■ WHAT TO WORK ON ■
Below are some entries. Transcribe the lines from the one holding "Découvrez le nouveau" to the one holding "A Salgótarjáni Szénmedence", inclusive, but not the pictures among them.

■ ENTRIES SHOWN ■

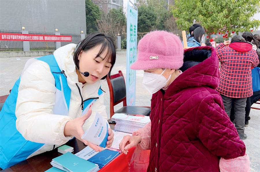 1月11日,德阳市旌阳区孝感街道社会工作服务站社工(左)向社区居民宣传、讲解政策。图/彭圆圆
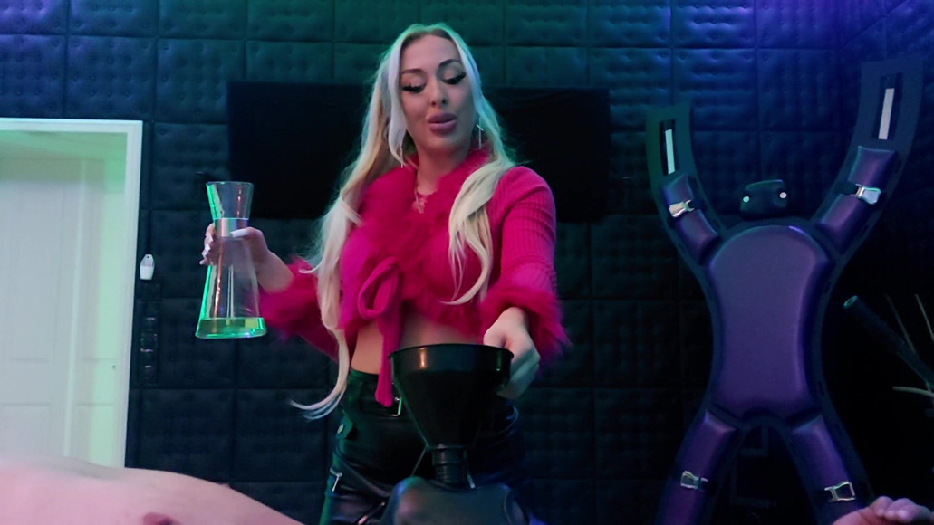Sheela Sinner The Racked Toilet Slave. My friend Mistress Luciana is on vacation for a few weeks. I'll take care of her domicile and her house slave in her absence. I check whether your slave has completed his tasks correctly and can use this useless piece as I like. Today I put the slave on the rack and stretched him so long that he can hardly move anymore. I didn't care at all about his whining. Because that was just the preparation for what was to follow. He gets a funnel in his slave mouth and I fill it with my divine piss. See what happened
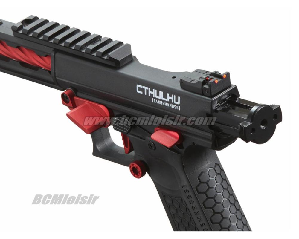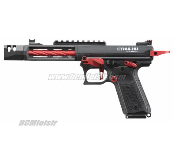 Découvrez le nouveau pistolet à gaz Tandemkross CTHULHU en noir/rouge. Fabriqué en polymère renforcé, ce GBB semi/full auto bénéficie d'un design entièrement sous licence. Cette réplique est doté d'un compensateur carré innovant "Game Changer Pro", d'un repose-pouce CNC, et d'une détente "squelette". De plus le Tandemkross Hivegrip assure une prise en main solide. Avec un anneau de chargement "Halo" et des viseurs à fibre optique "Eagle Eye", ce pistolet offre une précision inégalée. Le chargeur de 24 coups et le hop-up réglable renforce sa polyvalence.
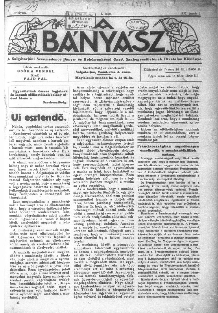A Salgótarjáni Szénmedence Bánya- és Kohómunkásai Gazdasági Szakegyesületének Hivatalos Közlönye.
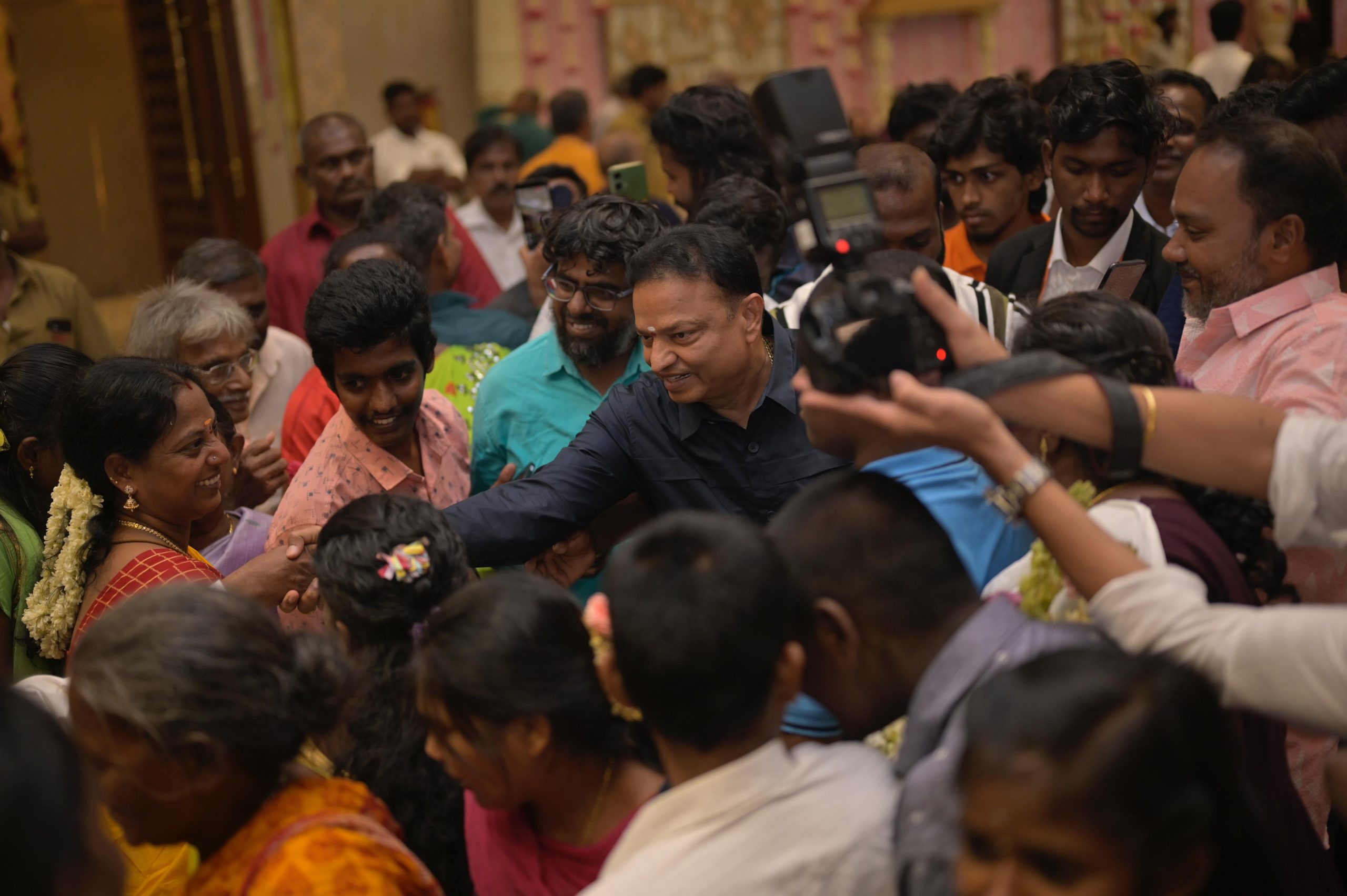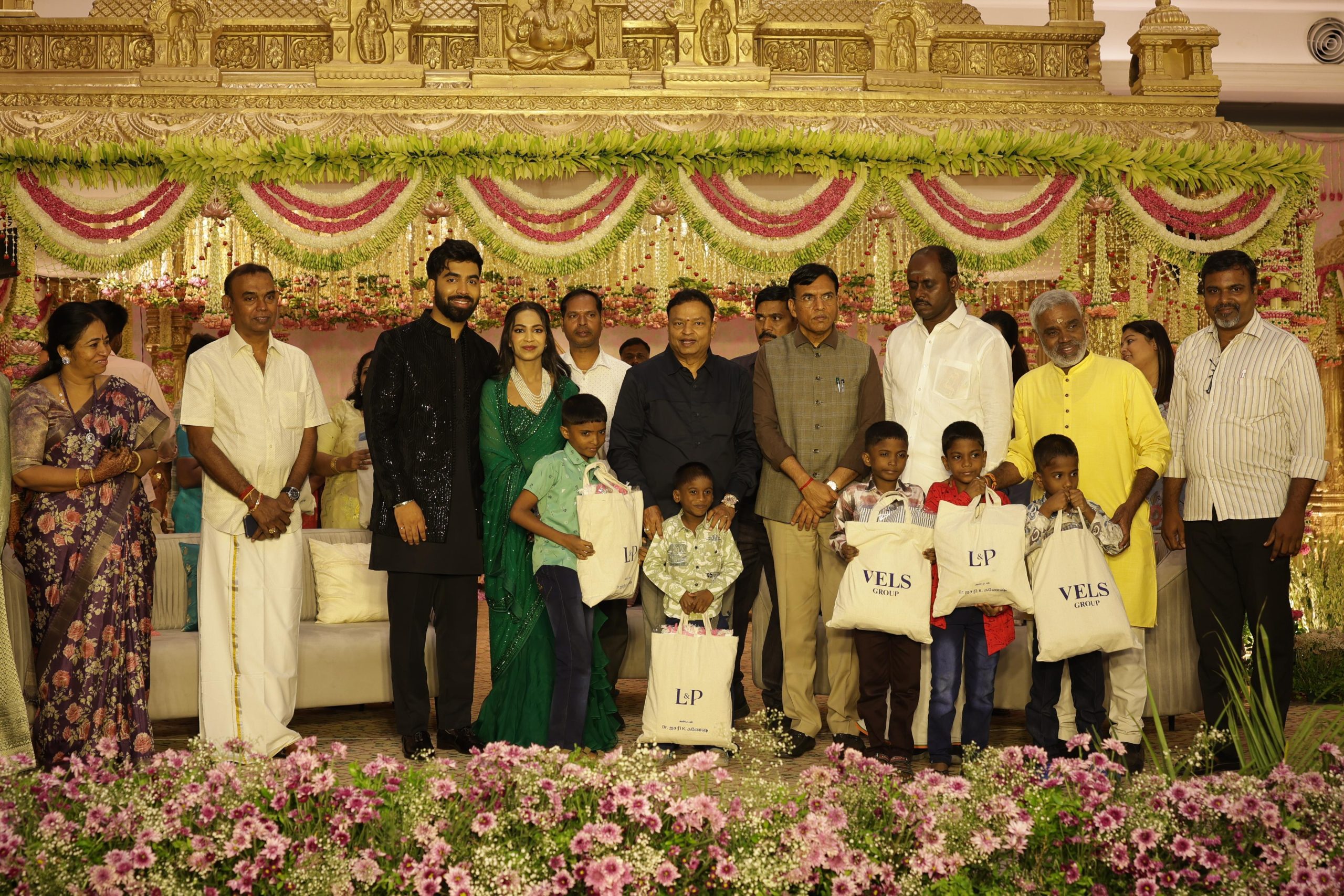 இதில் அரசியல், சினிமா, ஊடகம், கல்வியாளர்கள், தங்க வைர நகைக்கடை உரிமையாளர்கள் என பலத்துறைகளை சேர்ந்த பிரபலங்கள் அனைவரும் மணமக்களை வாழ்த்த வந்திருந்தனர்.

■ SOLUTION TO THIS PROBLEM ■
 Découvrez le nouveau pistolet à gaz Tandemkross CTHULHU en noir/rouge. Fabriqué en polymère renforcé, ce GBB semi/full auto bénéficie d'un design entièrement sous licence. Cette réplique est doté d'un compensateur carré innovant "Game Changer Pro", d'un repose-pouce CNC, et d'une détente "squelette". De plus le Tandemkross Hivegrip assure une prise en main solide. Avec un anneau de chargement "Halo" et des viseurs à fibre optique "Eagle Eye", ce pistolet offre une précision inégalée. Le chargeur de 24 coups et le hop-up réglable renforce sa polyvalence.
A Salgótarjáni Szénmedence Bánya- és Kohómunkásai Gazdasági Szakegyesületének Hivatalos Közlönye.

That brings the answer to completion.